Packing and Unpacking files with GNU Tar

Simple guide on using a basic Unix and Linux tool GNU tar

Written by Benjamin Cane on 2013-05-23 15:07:37 | 5 min read

One of the most basic tasks for any Sysadmin is packing and unpacking files for various reasons. While there are many ways to perform this task GNU Tar is probably one of the most recognized and commonly used tools by Linux/Unix users.

A little history on tar

The tar command is a command that appeared in the early days of Unix and has had several changes made over time. Originally the command was used to take files, combine them into one file and write them to a tape archive (tar). Nowadays tar is used mostly as a general purpose tool to package and compress many files into one single file for distribution or backup.

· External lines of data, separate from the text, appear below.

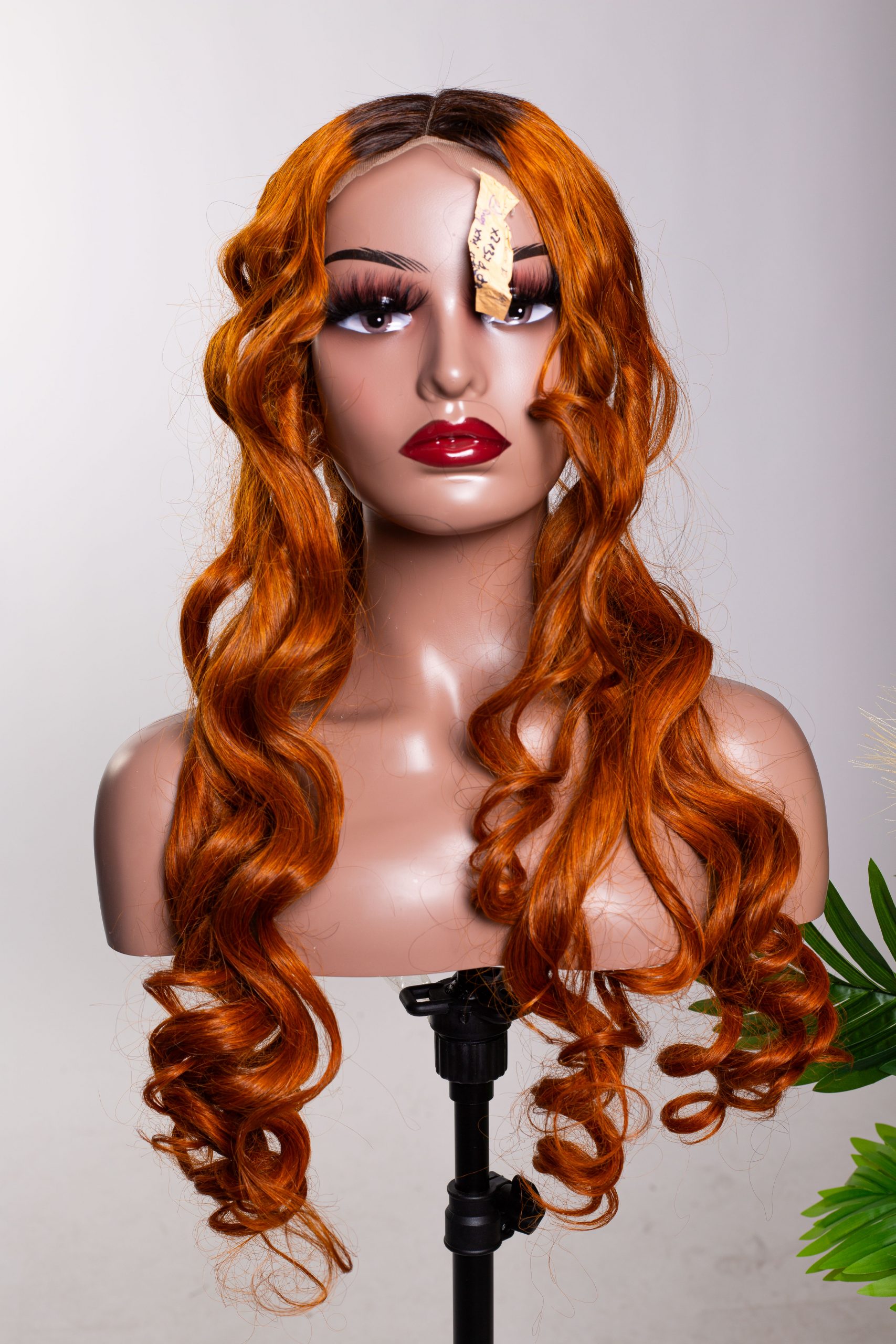 Thina-Fashion – Perruque Premium SDD vietnamienne 28 pouces ondulée cuivrée
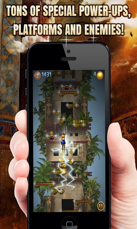 Description: Ancient Jet Packs, fabulous Power-Ups & Endless Fun - guaranteed! Welcome to wonderful Egypt and the land of Pharaohs. Unfortunately your Jet Pack has run out of energy and is now coasting on fumes. It might have enough power to push you to the next level but this is now in your lucky hands! Watch out for over 10 different types of deadly platforms with scary trap doors, deadly spikes, huge bombs and so much more. Luckily for you there are some really awesome power-ups to help you along the way...supplied by Harsha
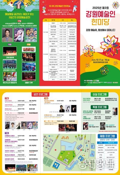 동네방네 김형규 기자 | 강원예술인과 도민의 화합·소통·공감을 위한 '2025 제3회 강원예술인 한마당' 행사가 오는 10월 17일부터 19일까지 3일간 횡성문화체육공원 일원에서 열린다.

There are several common implementations of tar that are in use today, because there are multiple implementations there are also some differences in the options and formats available. In today's article I will not be showing all of the various options of tar (that's what man pages are for), but rather will be showing commonly used flags and some not so common tricks.

Tar Basics

Creating a tar file

To create a basic tar you really only need to specify a few things.

  • -c Stands for create, you will see this a lot in our examples today
  • -f or --file immediately followed by a file or device will tell tar where to create the tar file
  • And finally the files or directories to package


$ tar -cf tarfile.tar file1.txt

Extracting a tar file

Extracting a tar file is just as simple as creating one.

  • -x Stands for extract
  • -f or --file immediately followed by a file or device has the same usage as create


$ tar -xf tarfile.tar

Adding verbosity

By default tar does not output what it is doing, you can add this by adding verbosity to the command with the -v flag. In addition to adding verbosity we are also going to tar more than one file in our example. Packaging more than one file is the point of tar after all isn't it?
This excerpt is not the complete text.